# Deer meat



## Bama4us (Oct 24, 2009)

With deer season approaching, or already starting, 
what parts of the deer should I ask my deer hunting friends to save for me? I am not a hunter. The only way I ever took shots at wildlife was with a camera.


----------



## Jax08 (Feb 13, 2009)

all of it!


----------



## Amaruq (Aug 29, 2001)

> Originally Posted By: Jax08all of it!


What she said. The only issue with deer is if they might have CWD then you might want to avoid brain and spinal cord. Some say it is not transmittable (if that is a word) to dogs but I would rather be safe than sorry. 

Make sure you set them up with plastic baggies to bring all the goodies out when they clean them! (liver, kidneys, spleen, heart.......)


----------



## Powell (Oct 13, 2006)

Jolene turned her nose up at the raw deer meat. She sniffed the piece, took it gently and spit it out. 


I think she wanted me to cook it for her...











Powell


----------



## Jax08 (Feb 13, 2009)

Jax turns her nose up at it too but I figured out she just likes a little topping on her food so I coat venison, beef heart and beef tongue with yogurt.

Now I was browning stew meat the other day and dropped two pieces that Sierra and Baron scarfed right up.


----------



## aubie (Dec 22, 2008)

We received about 10lbs of ground deer meat from my parents, it had been in the freezer for a while and had some burn on it, so we give it to the pups. Duncan eats, well Dunc eats anything.
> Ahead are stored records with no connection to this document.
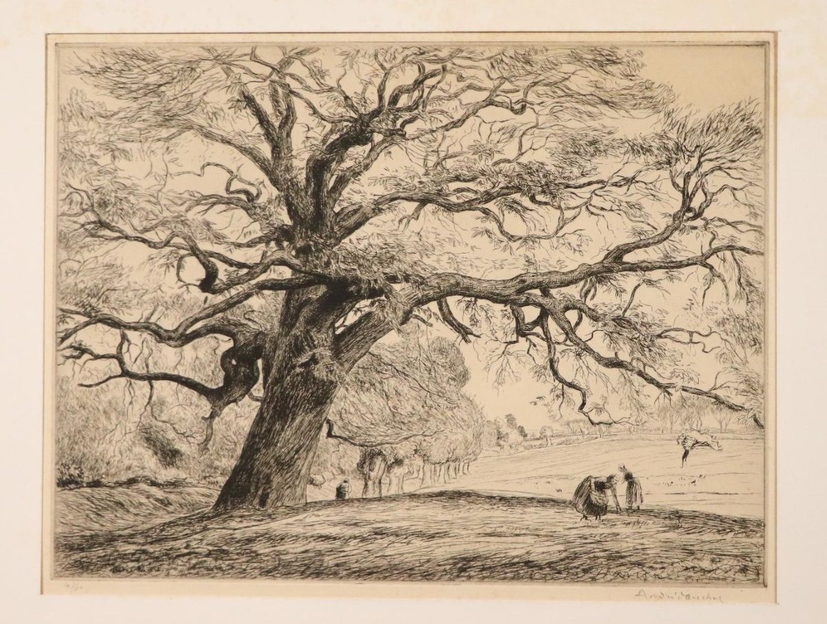 Descriptif : André DAUCHEZ (1870-1948) Le vieil arbre et les glaneuses en pays Bigouden Eau-forte, justifiée 4/60 en bas à gauche et contresignée en bas à droite 43×5 x 59,5 cm (feuille)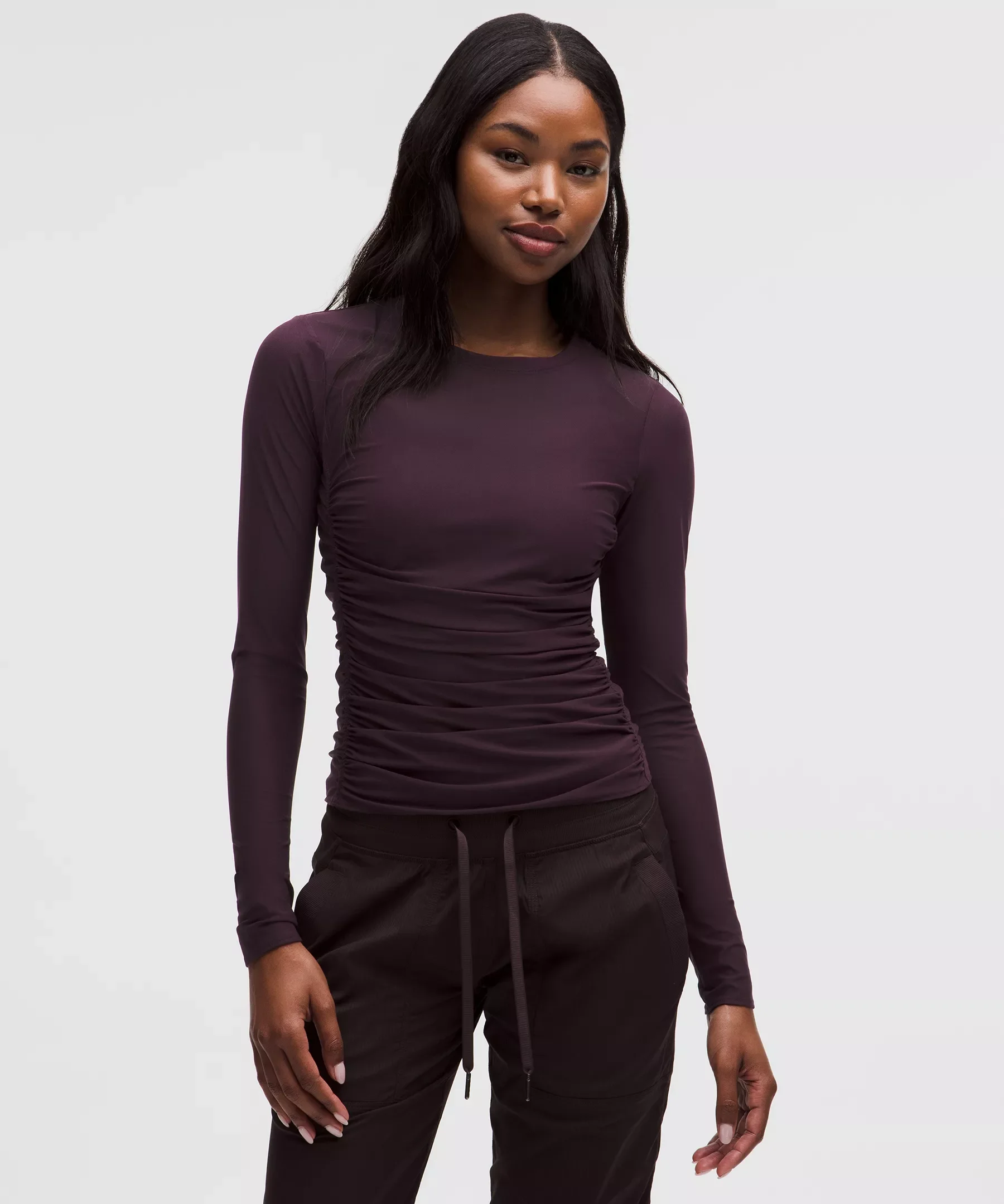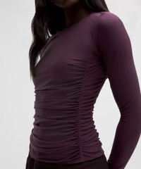 Mesh Ruched Long-Sleeve Shirt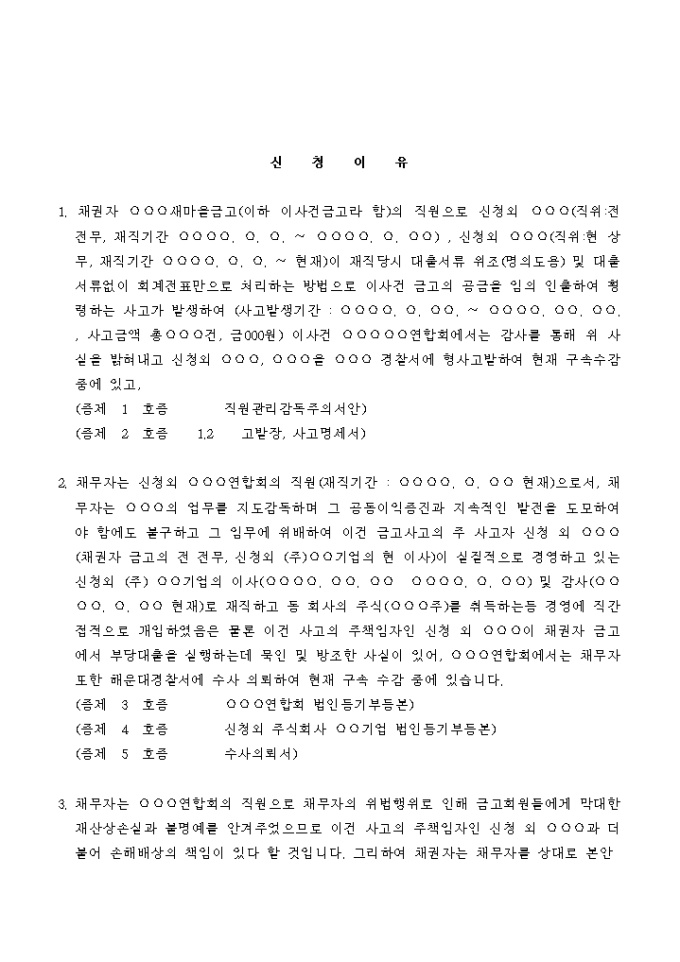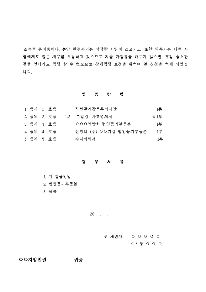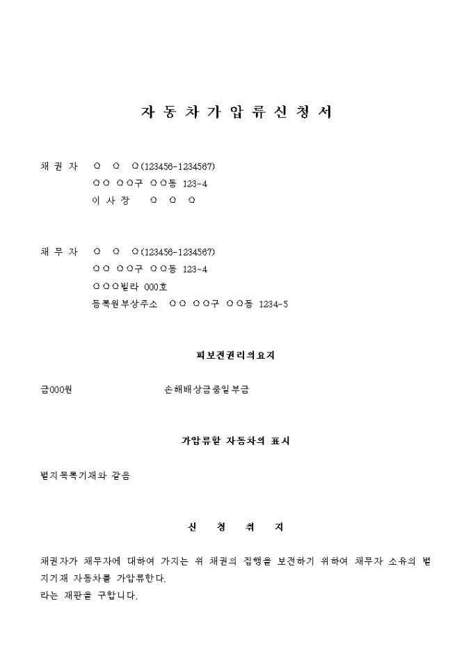 9,000원/월업무상배임죄의 피의자인 채무자에게 자동차 가압류를 신청하는 경우의 서식입니다.

Anna at first wasn't sure, but if I mix yogurt with it she loves it.

Hopefully during hunting season I can get some kidney, heart, etc.


----------



## DnP (Jul 10, 2008)

Don't forget the bones. When my dad acutally got deer, each of the dogs were given a leg. My dad hasn't gotten a deer in years. Now, my parents' neighbor will cut up the legs, freeze them and bring them over when I'm down visiting. Last year, he ended up getting a buck w/ a busted antler (not mountable) and was generous enough to cut the antlers up and gave them to us.


----------



## AbbyK9 (Oct 11, 2005)

Our landlord has been providing us with heart and liver from his hunting trips. Abby and both my cats adore the "sweet meats", but Ronja doesn't quite understand that raw meat is food. *shakes head*


----------



## Barb E (Jun 6, 2004)

You can't, you must send it allllllllllllllllll to Oregon for Dante









I like Amaruq wouldn't feed brain/spine/etc


----------